FIG. 11 is a list in which essential components of the present invention are arranged in order of importance, and FIG. 12 is a list of components unique to molding a car trunk board as a product. As shown in FIG. 11, the breathable heat insulating member X is most preferably a non-woven fabric, and various other breathable sheets, breathable films and the like can be preferably used. In particular, in the case of the nonwoven fabric, the range of basis weight, 100 to 400 g / ^{m 2} is preferred. If it is less than 100 g, it becomes difficult to make skinless in the molding process, and if it exceeds 400 g, the cooling time is prolonged and productivity is lowered.

  Moreover, as a foaming method of the molten resin R, there are a method using a chemical foaming agent, a method using an inert gas such as carbon dioxide and nitrogen in a supercritical state, and the like.

  And when using a gas vent as an expansion | extension assistance means, the installation area has 10-90% of a peripheral part area.

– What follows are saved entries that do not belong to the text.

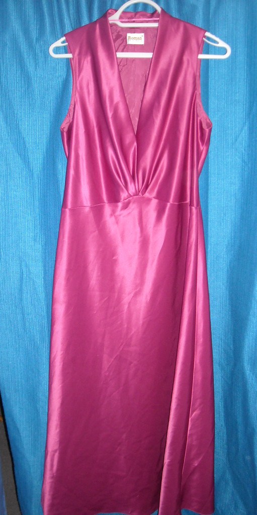 third, a long purple satin gown with rose...
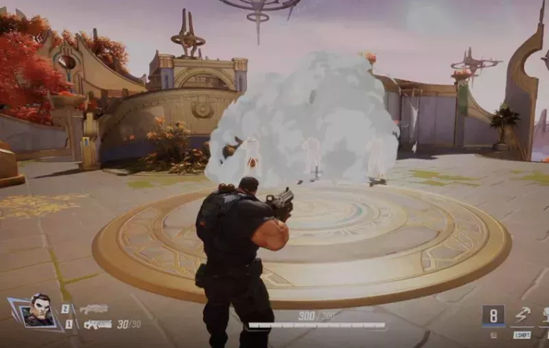 Para aumentar aún más su daño, Frank puede llamar a una torreta de exterminio, que es una ametralladora montada que inflige un daño potente y persistente desde un punto fijo. Puede servir tanto para acabar rápidamente con todo un equipo como para distraer a tus aliados y que puedan flanquearlos.
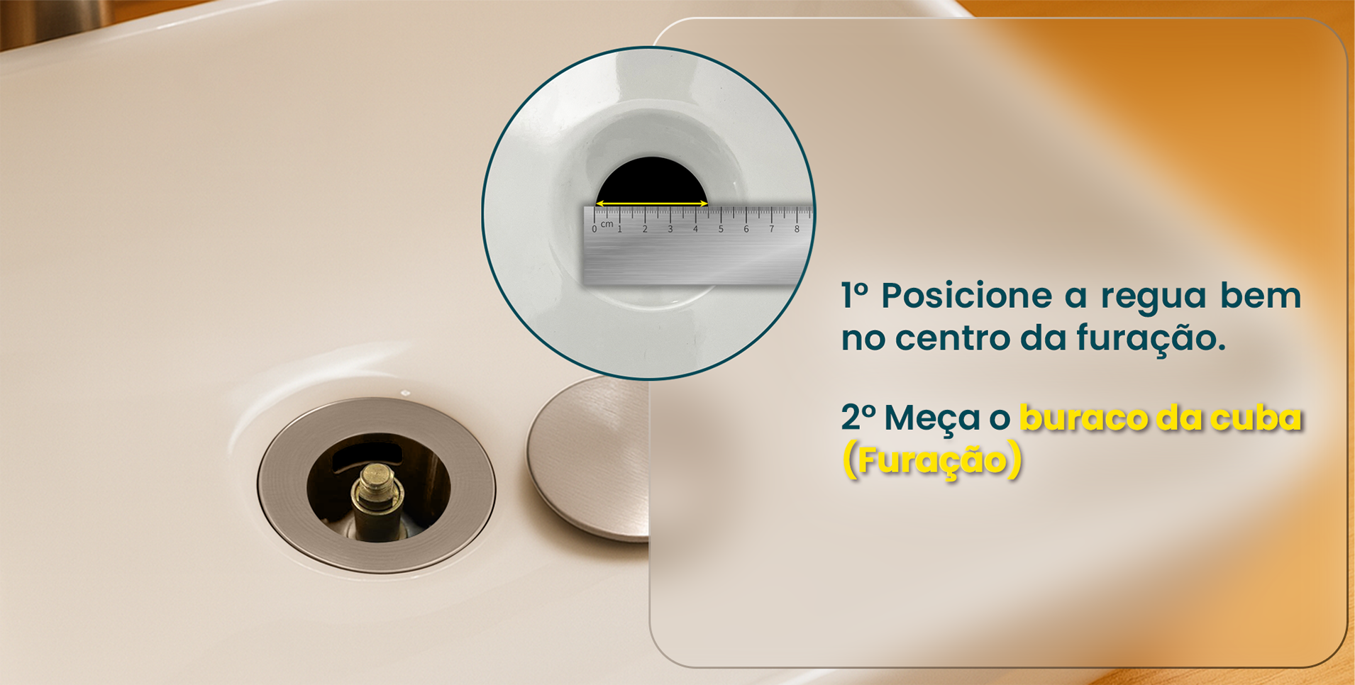 Use as instruções abaixo para medir a furação (buraco da cuba) e a borda de apoio.
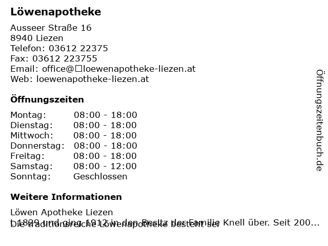 Öffnungszeiten Löwenapotheke

If it is less than 10%, the transferability and shape retention of the product are poor, and if it exceeds 90%, burrs are generated. More preferably, the installation area is 50 to 70% of the peripheral area.

  When vacuum suction is used as the expansion assisting means, the suction force is preferably 245 KPa or less. When this range is exceeded, the diameter of the foamed cell and the variation in the cell diameter increase.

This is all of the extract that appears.